Quelques rares autres moments publics sont également organisés : pour une visite de la ferme aux particuliers (payante) ou un anniversaire, ou encore à l’occasion d’un événement. Le dimanche 5 juin en matinée, la ferme a ainsi accueilli la fête du lait bio, une initiative de la fédération nationale de l’agriculture biologique. Quelques 200 personnes y ont participé, notamment pour découvrir le lieu et ses animaux, mais aussi pour s’informer sur l’agriculture bio et prendre un petit déjeuner copieux dans la prairie qui jouxte le potager et la chèvrerie. Les plus matinaux ont également pu assister à la traite. Arrivée dès 8h, la famille Boukrine a eu le temps de tout faire. « On est venu pour se distraire avec les gens. Il fait beau, les enfants se promènent, visitent la ferme, voient les animaux », apprécient Hadjil et Tajeb, deux retraités du quartier installés à une des tables de banquet et protégés par un parasol.
Bonne bouffe de quartier
Une réserve sur ce moment : le prix du petit déjeuner (5 euros pour les parents, 3 euros pour les enfants) imposé par le national, qui a pu freiner certains habitants des cités alentours. Cette question d’accessibilité à ses produits, à ses actions, à sa ferme et à la bonne bouffe d’une manière générale interroge l’agricultrice. « Une étude réalisée dans le 15ème arrondissement montre que les populations des quartiers populaires sont plus obèses, meurent plus tôt, ont du diabète, explique Marie Maurange. Les bobos vont dans les épiceries paysannes, au marché, mangent bio. Il reste les classes populaires à toucher, les plus nombreuses. »
Pour y remédier, la fermière a notamment un projet dans ses cartons : un jardin partagé au sein de la ferme. Mais pas n’importe lequel. « Un carré serait cassé en quatre, avec un coin pour les Comoriens, un pour les Marocains, un pour les Algériens, etc… Avec au milieu ce qui nous rassemble. On pourrait faire un banquet avec les produits », annonce l’agricultrice en moulant ses fromages. Et de conclure dans un nouveau sourire : « Partager un repas, c’est la base ! »

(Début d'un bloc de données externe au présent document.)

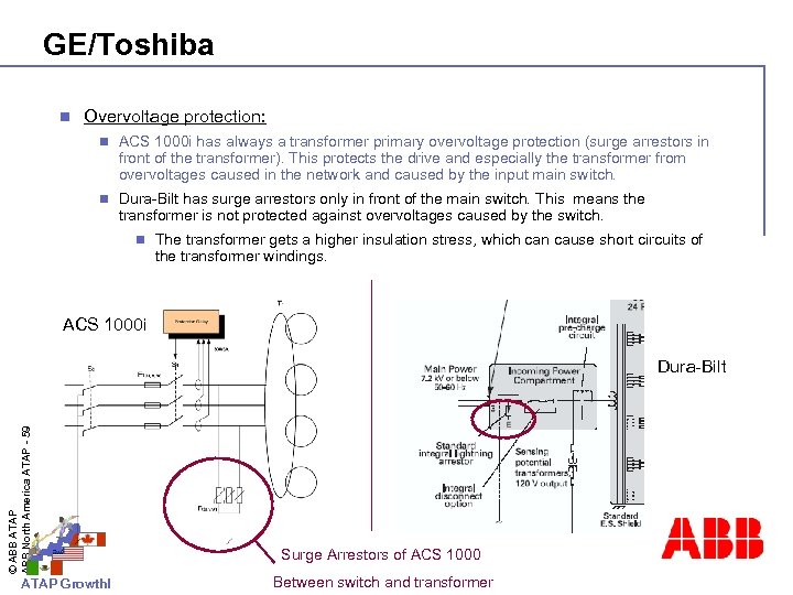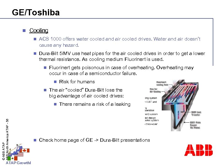 GE/Toshiba n Cooling n ACS 1000 offers water cooled and air cooled drives. Water and air doesn’t cause any hazard. n Dura-Bilt 5 i. MV use heat pipes for the air cooled drives in order to get a lower thermal resistance. As cooling medium Fluorinert is used. n Fluorinert gets poisonous in case of overheating. Overheating may occur in case of a semiconductor failure. n n The air “cooled” Dura-Bilt lose the big advantage of air cooled drives: © ABB ATAP ABB North America ATAP - 58 n ATAP Growth! n Risk for humans There remains a risk of a leaking Check home page of GE -> Dura-Bilt presentations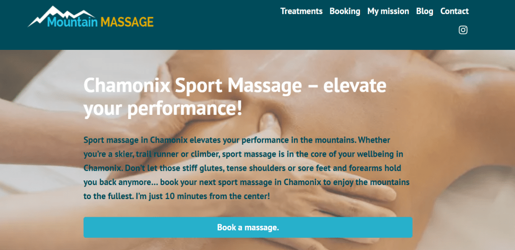 Currently Mountain Massage Chamonix’s new website is active, in good use and ranked in top 3 for the relevant keywords on Google search. Co-opration with Mountain Massage still continues in the form of content creation for the Mountain Massage Chamonix blog.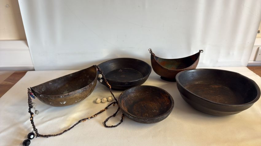 Group of Five Wooden and Metal Rustic Bowls
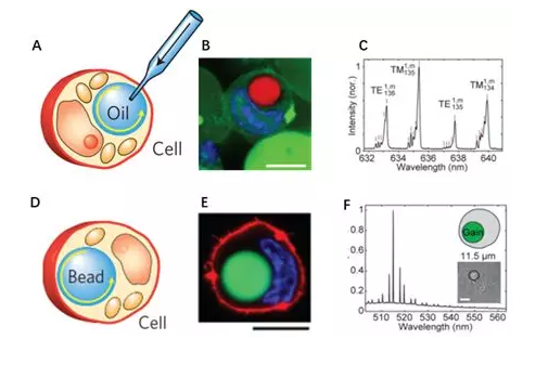 圖2 基于回音壁微球腔的細胞內(nèi)激光器 A 將油滴注入細胞內(nèi)示意圖 B含有油滴的細胞,紅色為尼羅紅染色的油滴,藍色為細胞核 C 基于油滴微腔的細胞內(nèi)激光輸出 D 細胞內(nèi)吞微球示意圖 E 內(nèi)吞聚苯乙烯微球的細胞,紅色為細胞膜,藍色為細胞核F 基于聚苯乙烯微球腔的細胞內(nèi)激光輸出。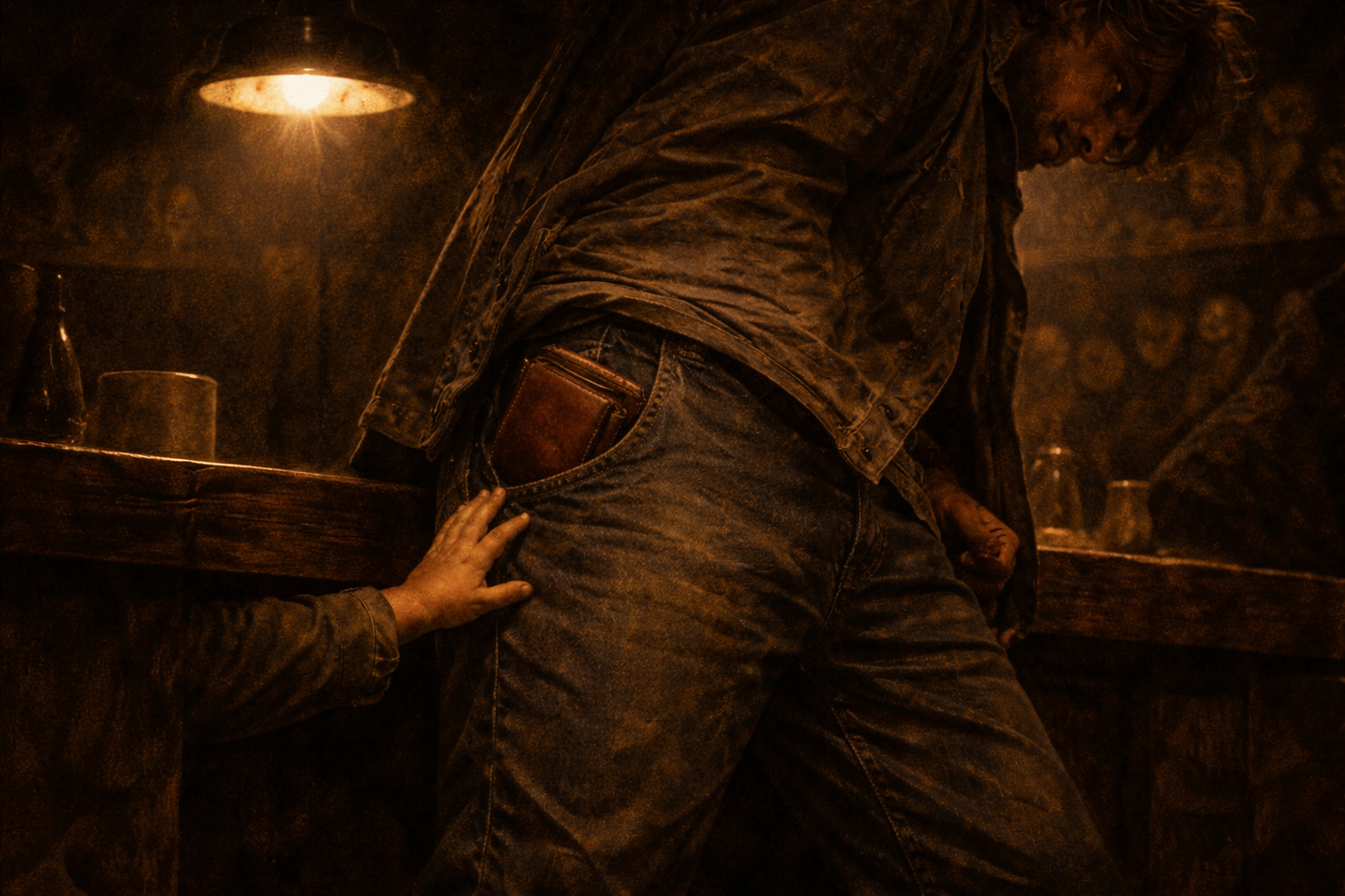 Num gesto muito rápido, o Pivete rouba a carteira do bolso da calça do Drogado e, correndo, sai de cena.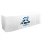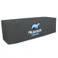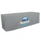 This throw is designed to fit snugly around tables. Its taut surfaces and sharp lines give it a tailored look that stands out at meetings, shows, career fairs and more. For use with tables 8' wide. Tight, fitted look. Covers four sides of the table. Constructed of polyester poplin fabric. Flame retardant treated (FR rated for exhibit halls). Machine-washable and wrinkle-resistant; do not dry clean and do not iron. One-year product warranty. Complies with NFPA, Prop 65. 30" L x 96" W x 29" H

Amina Bounab, Dalila Aïssa, Sonia Halimi et Jean-François Poupelin
Avec plus de 10 % des emplois de Paca, l’Economie sociale et solidaire (ESS) est un levier important de développement. Mais elle a bien du mal à s’implanter dans les quartiers populaires, faute d’un manque de volonté politique et de financements publics. le Ravi a réuni des habitants de ces quartiers, à Marseille, en collaboration avec Le Mesclun, un tout jeune journal fabriqué dans la cité des Flamants (14e arr.), et à Avignon, au centre social de la Croix des Oiseaux, pour un nouveau volet de « Et si ? », notre projet de journalisme participatif. Ce sont eux qui ont réalisé cet article publié en juillet 2016 dans un supplément du Ravi n°143.